Stored dataset items
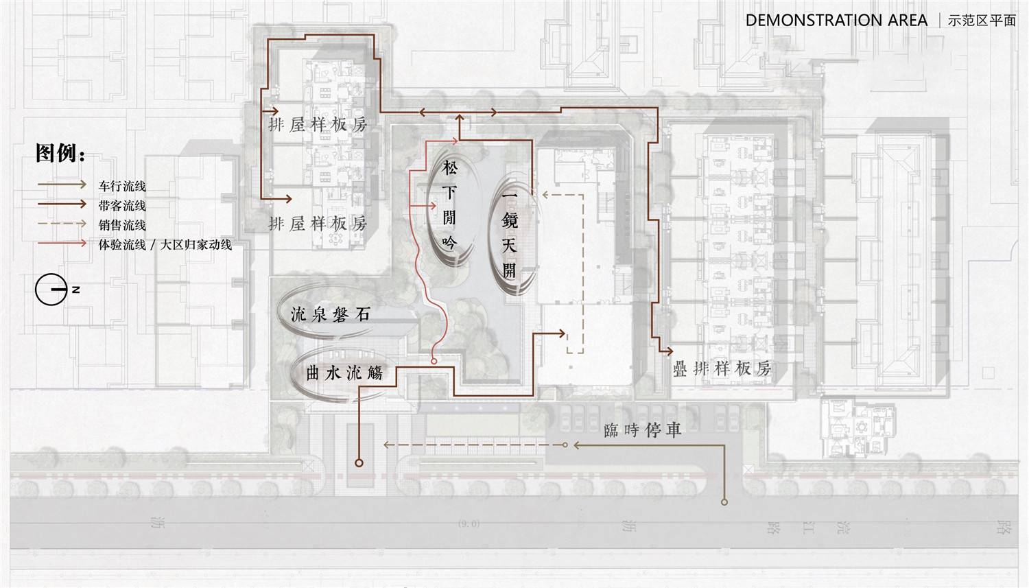 本次呈現(xiàn)的示范區(qū)位于“L”型景觀主軸的東部起始處,是整個項目的主入口園林,屬于“外園”,將來會被所有業(yè)主和外來消費的人群所共享。北側的二層建筑暫時用作銷售場地,在交付后將作為經(jīng)營空間為本區(qū)域提供生活服務。由于近遠期不同的使用模式,場地天然形成兩條動線需求,在銷售期兩條動線相聯(lián)成為一條體驗和游園環(huán)線,在交付后則分為業(yè)主歸家和經(jīng)營空間兩條內(nèi)外動線。
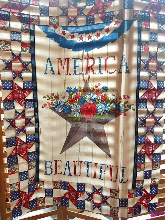 The image features a decorative fabric panel displaying the phrase "America the Beautiful," surrounded by a patchwork border of red, white, and blue stars.
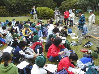 教育センターの芝生で、伊原先生と菊池先生のまとめを聞いて解散しました。
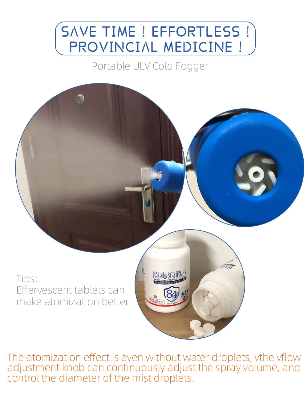 Model: Electric ULV Sprayer Medicine box capacity: 4.5L Power: 1400W Spray volume: 150-260ml / min (adjustable) Power supply: 110V-220V Range: 5-10 meters Power cord length: 5 meters Atomized particles: 20 microns (adjustable)
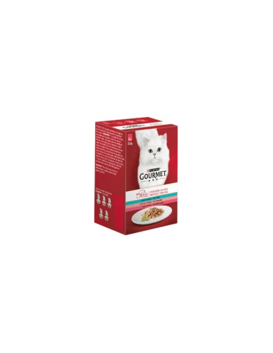 The composition of Purina Gourmet Mon Petit Wet Cat with Tuna, Salmon and Trout has been carefully studied to offer a superior quality food. Each sachet contains ingredients selected for their nutritional value and palatability. The meat and derivatives used are of controlled origin, while the fish and fish by-products come from sustainable sources and are rich in Omega-3 fatty acids, beneficial for cardiovascular health and for the shine of the coat.
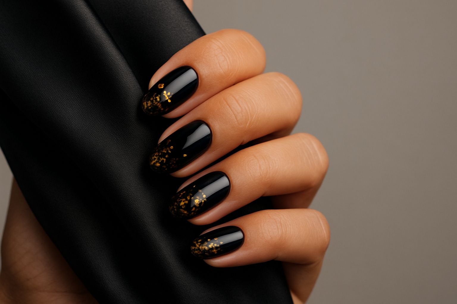 Classy, not spooky: glossy black with gold foil glam. ✨🖤
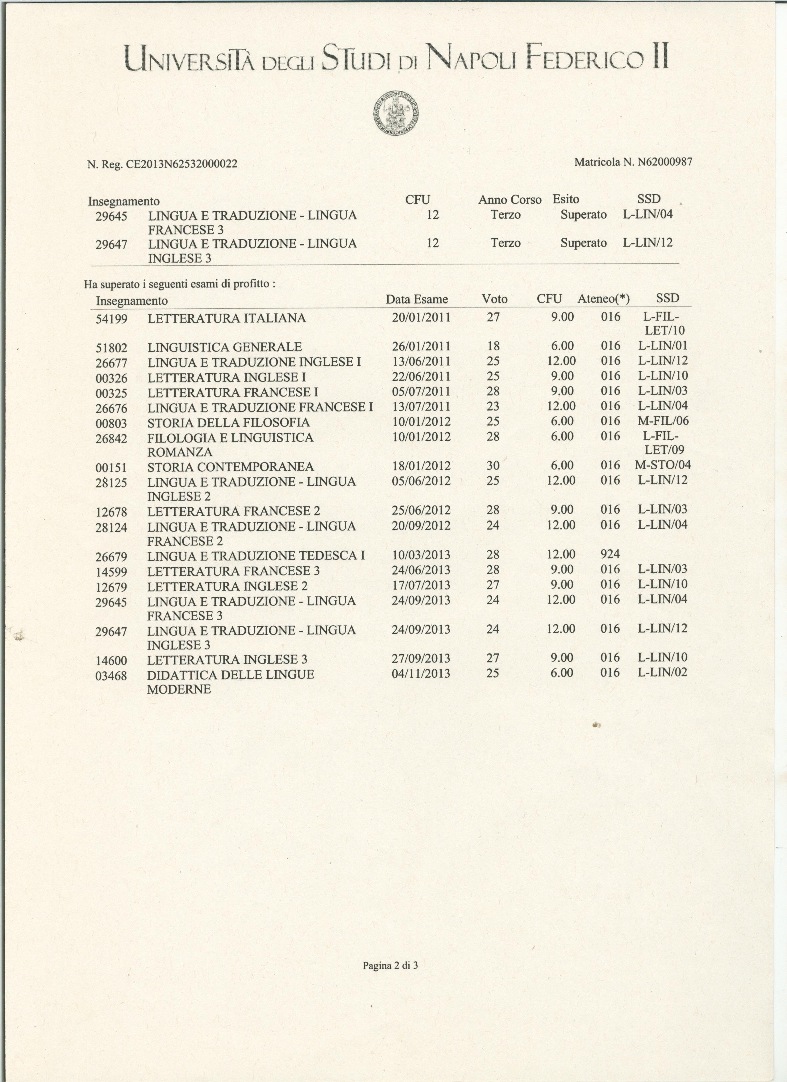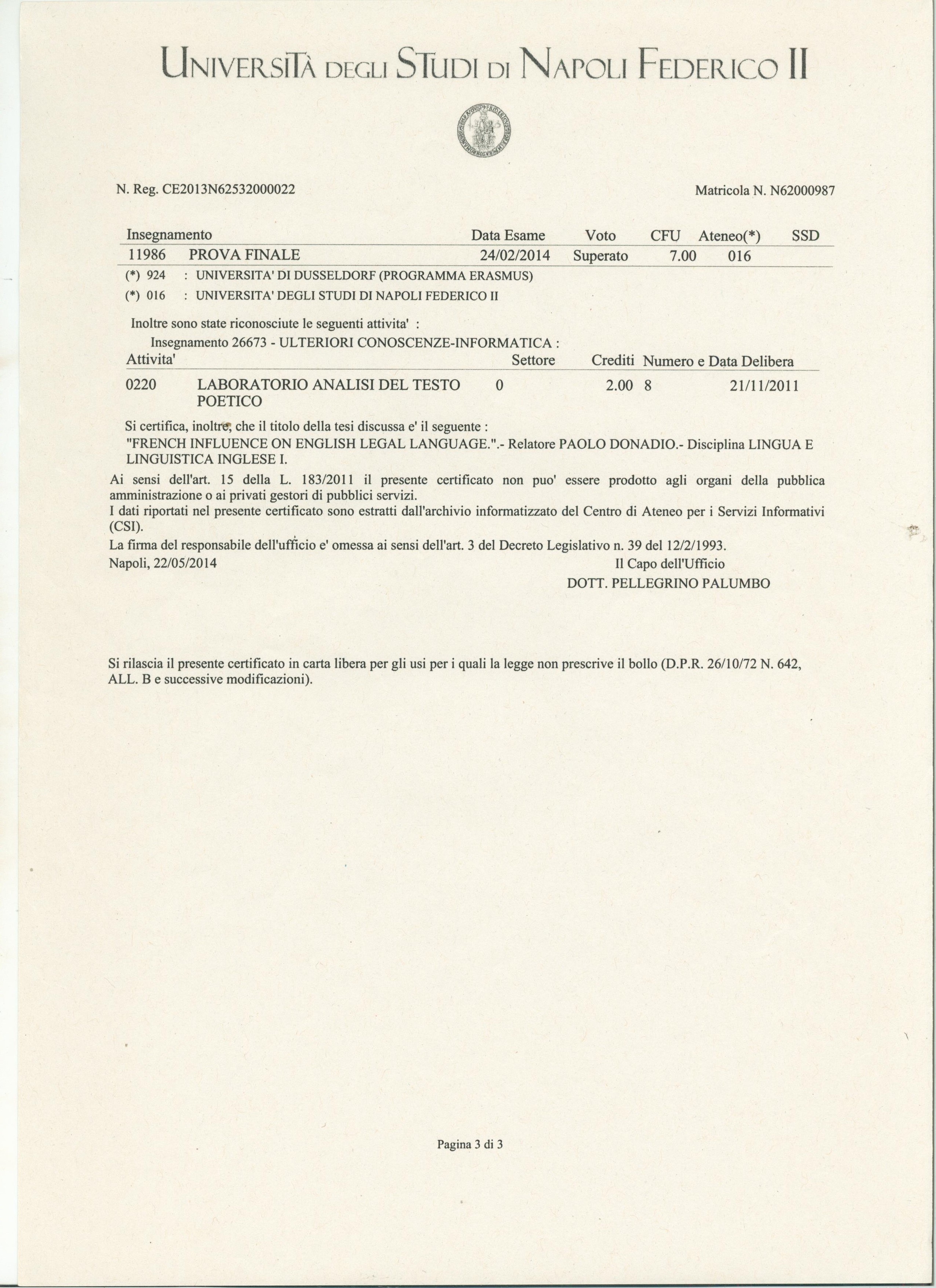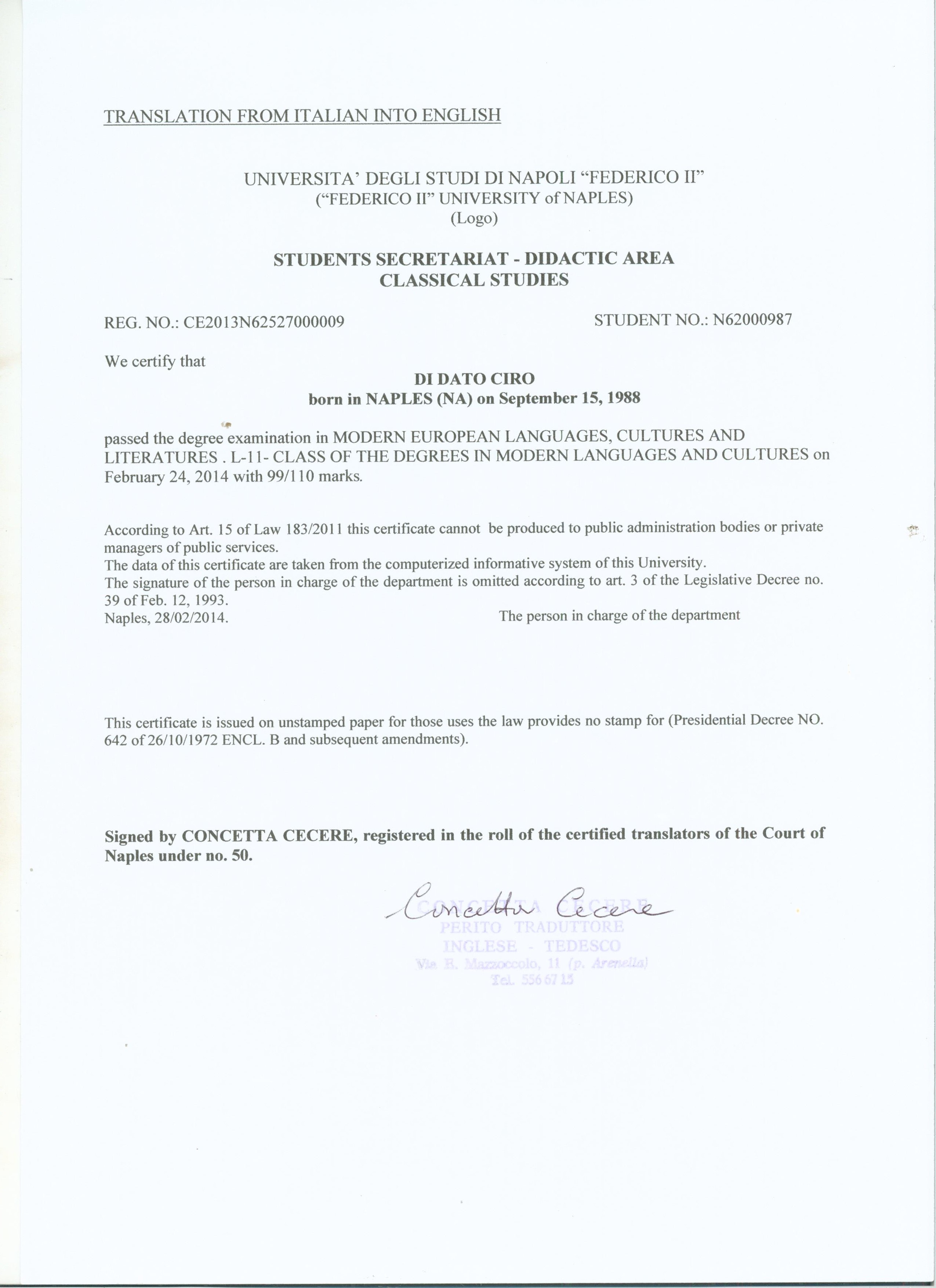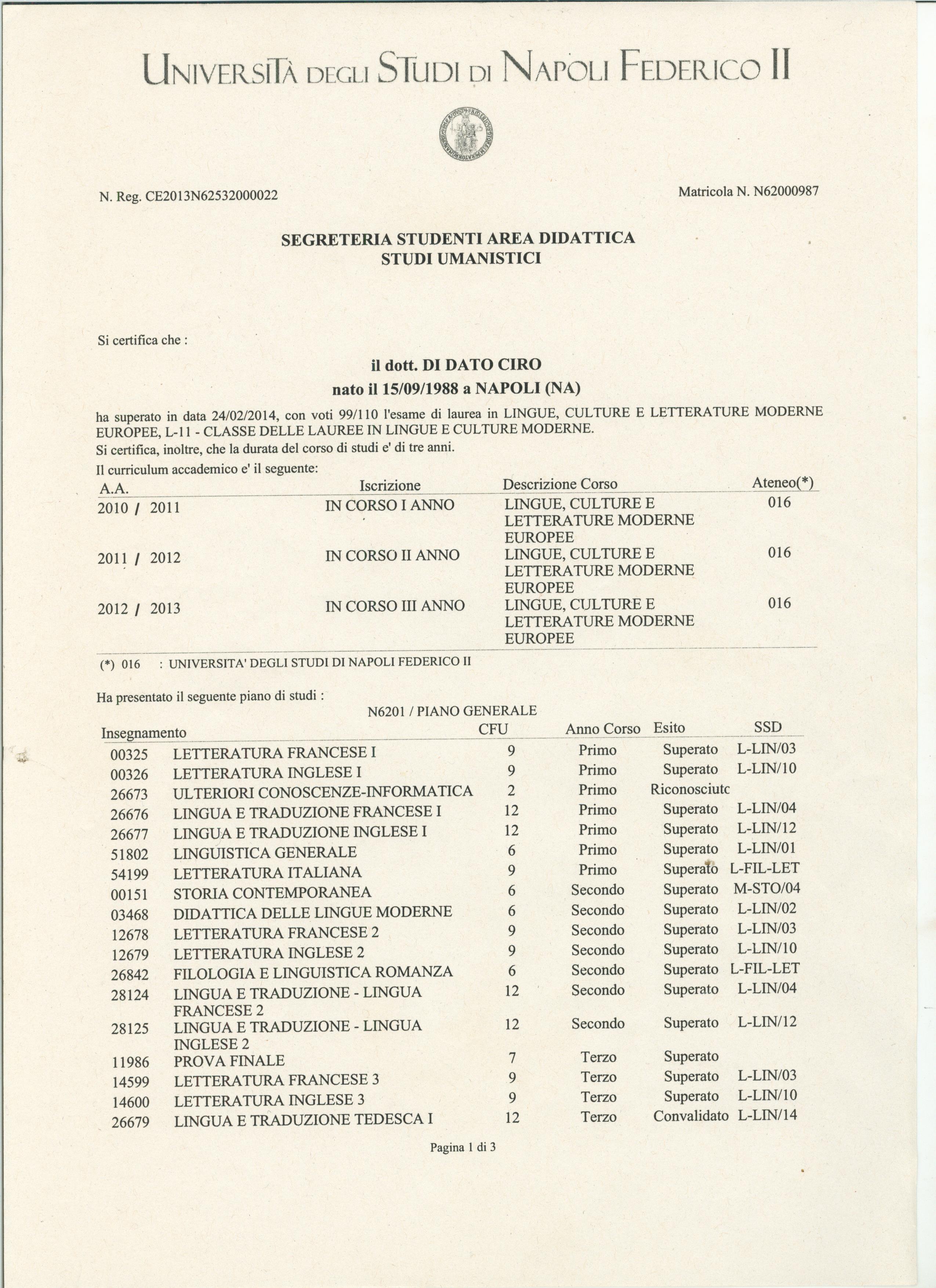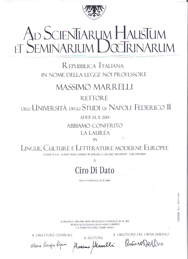 Mi sono laureato in Lingue Culture e Letterature Moderne Europee all'Università Federico II di Napoli e ho eseguito un master in Linguistica Inglese all'Heinrich-Heine Universität di Düsseldorf.
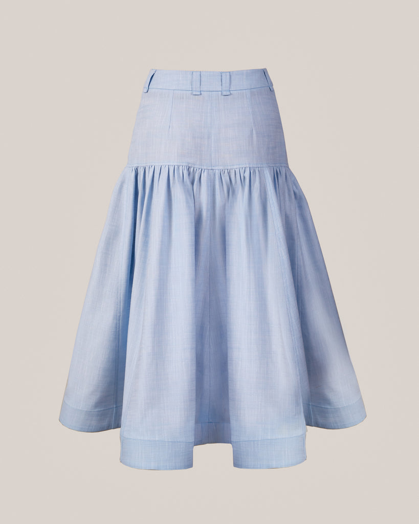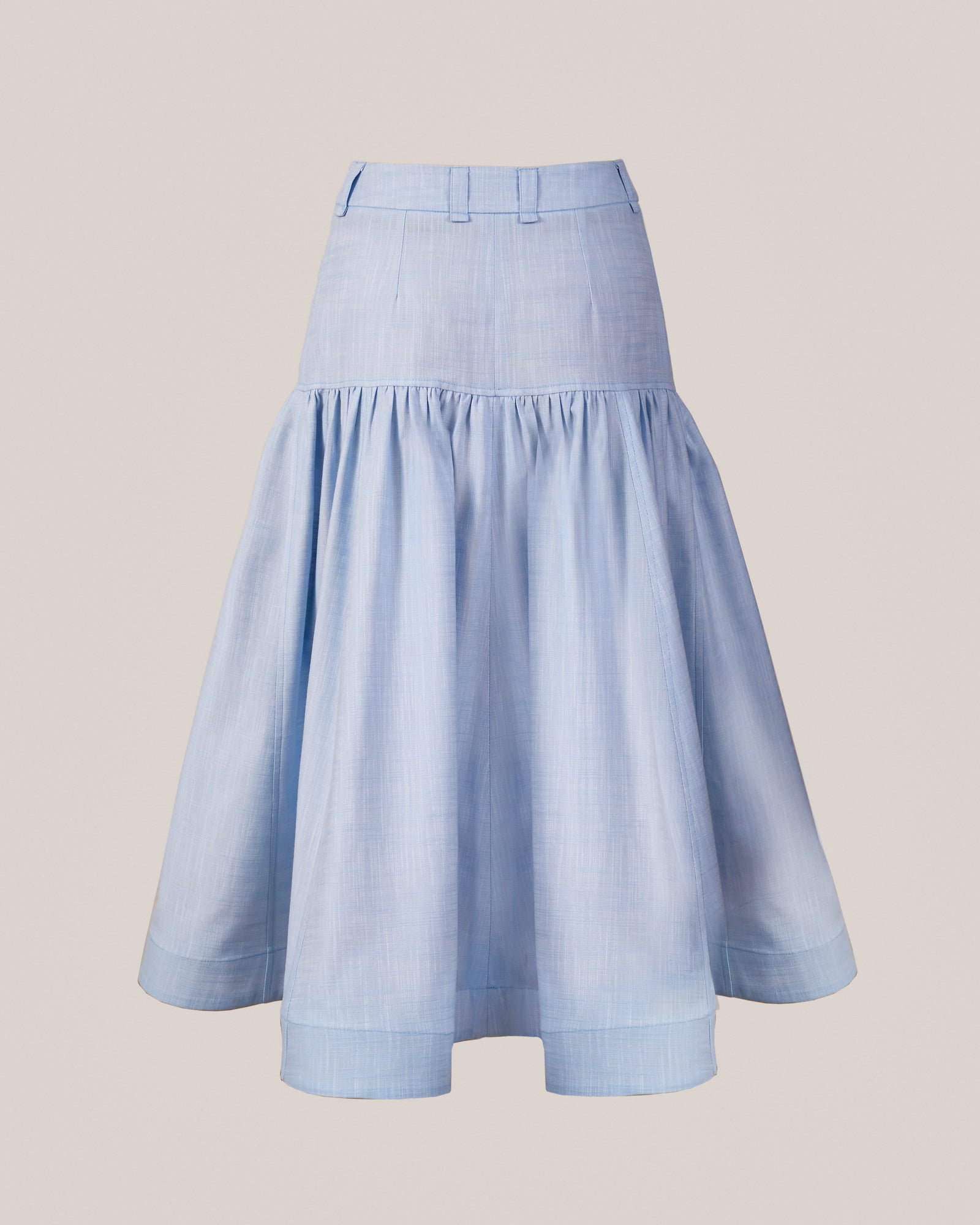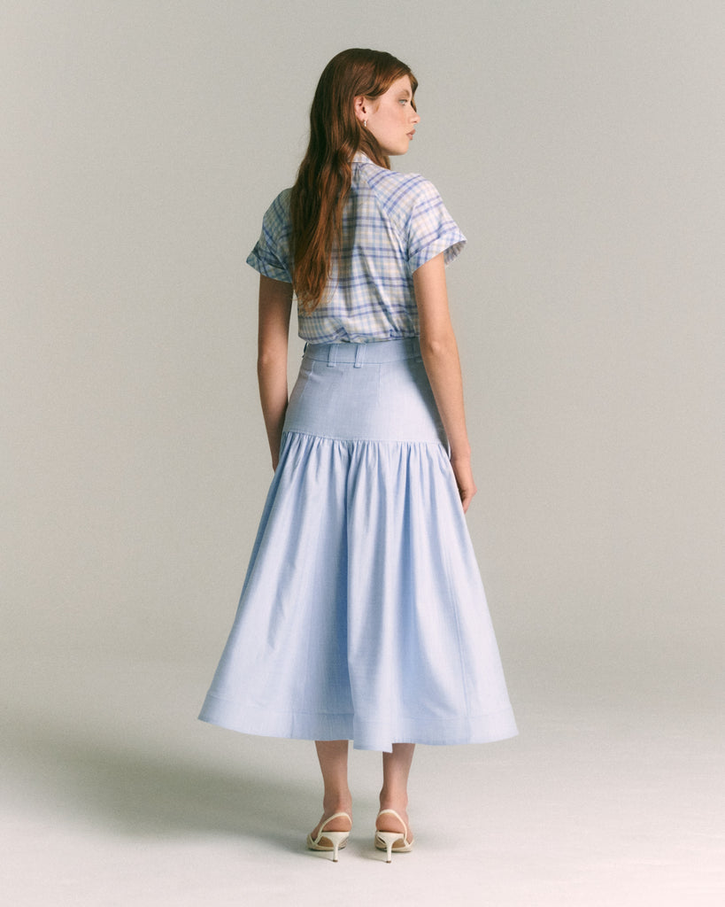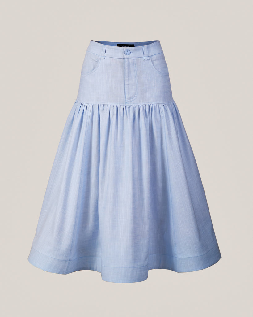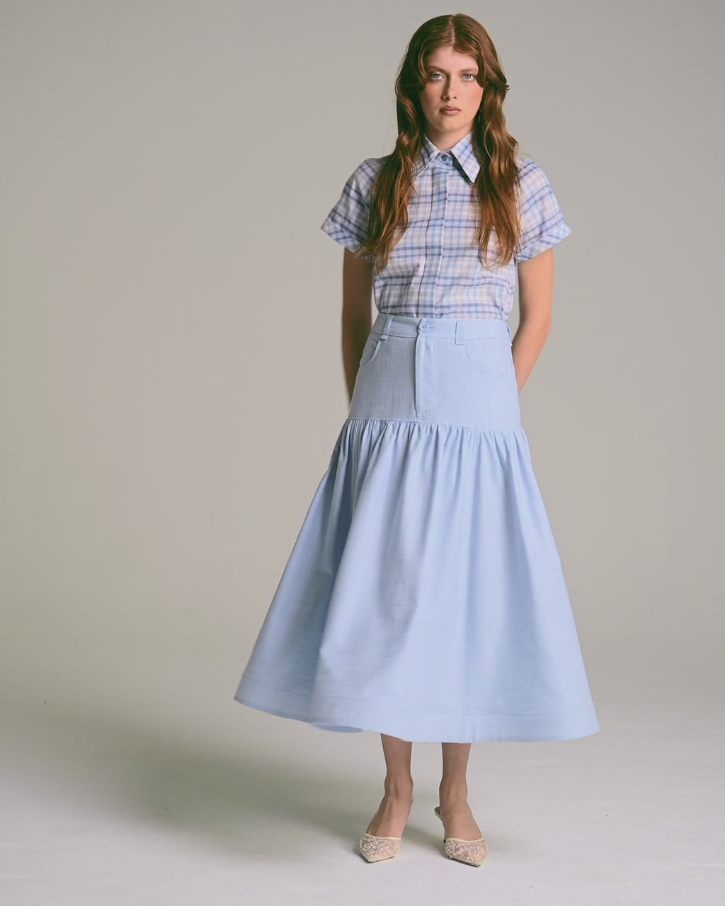 La Falda Luisa en su versión celeste es una propuesta fresca y sofisticada para los días de calor. Confeccionada en 100% algodón certificado OEKO-TEX, su diseño estructurado destaca por una pretina alta con bolsillos delanteros y una falda amplia con vuelo que incorpora una cinta de horse hair en el ruedo para otorgar mayor cuerpo y movimiento. Perfecta para combinar con tops ajustados o blusas románticas.

Problem description:
Retype the records above exactly, starting at the line that contains "Model: Electric ULV" and going through the last line, and leave out any pictures.

Response:
 Model: Electric ULV Sprayer Medicine box capacity: 4.5L Power: 1400W Spray volume: 150-260ml / min (adjustable) Power supply: 110V-220V Range: 5-10 meters Power cord length: 5 meters Atomized particles: 20 microns (adjustable)
 The composition of Purina Gourmet Mon Petit Wet Cat with Tuna, Salmon and Trout has been carefully studied to offer a superior quality food. Each sachet contains ingredients selected for their nutritional value and palatability. The meat and derivatives used are of controlled origin, while the fish and fish by-products come from sustainable sources and are rich in Omega-3 fatty acids, beneficial for cardiovascular health and for the shine of the coat.
 Classy, not spooky: glossy black with gold foil glam. ✨🖤
 Mi sono laureato in Lingue Culture e Letterature Moderne Europee all'Università Federico II di Napoli e ho eseguito un master in Linguistica Inglese all'Heinrich-Heine Universität di Düsseldorf.
 La Falda Luisa en su versión celeste es una propuesta fresca y sofisticada para los días de calor. Confeccionada en 100% algodón certificado OEKO-TEX, su diseño estructurado destaca por una pretina alta con bolsillos delanteros y una falda amplia con vuelo que incorpora una cinta de horse hair en el ruedo para otorgar mayor cuerpo y movimiento. Perfecta para combinar con tops ajustados o blusas románticas.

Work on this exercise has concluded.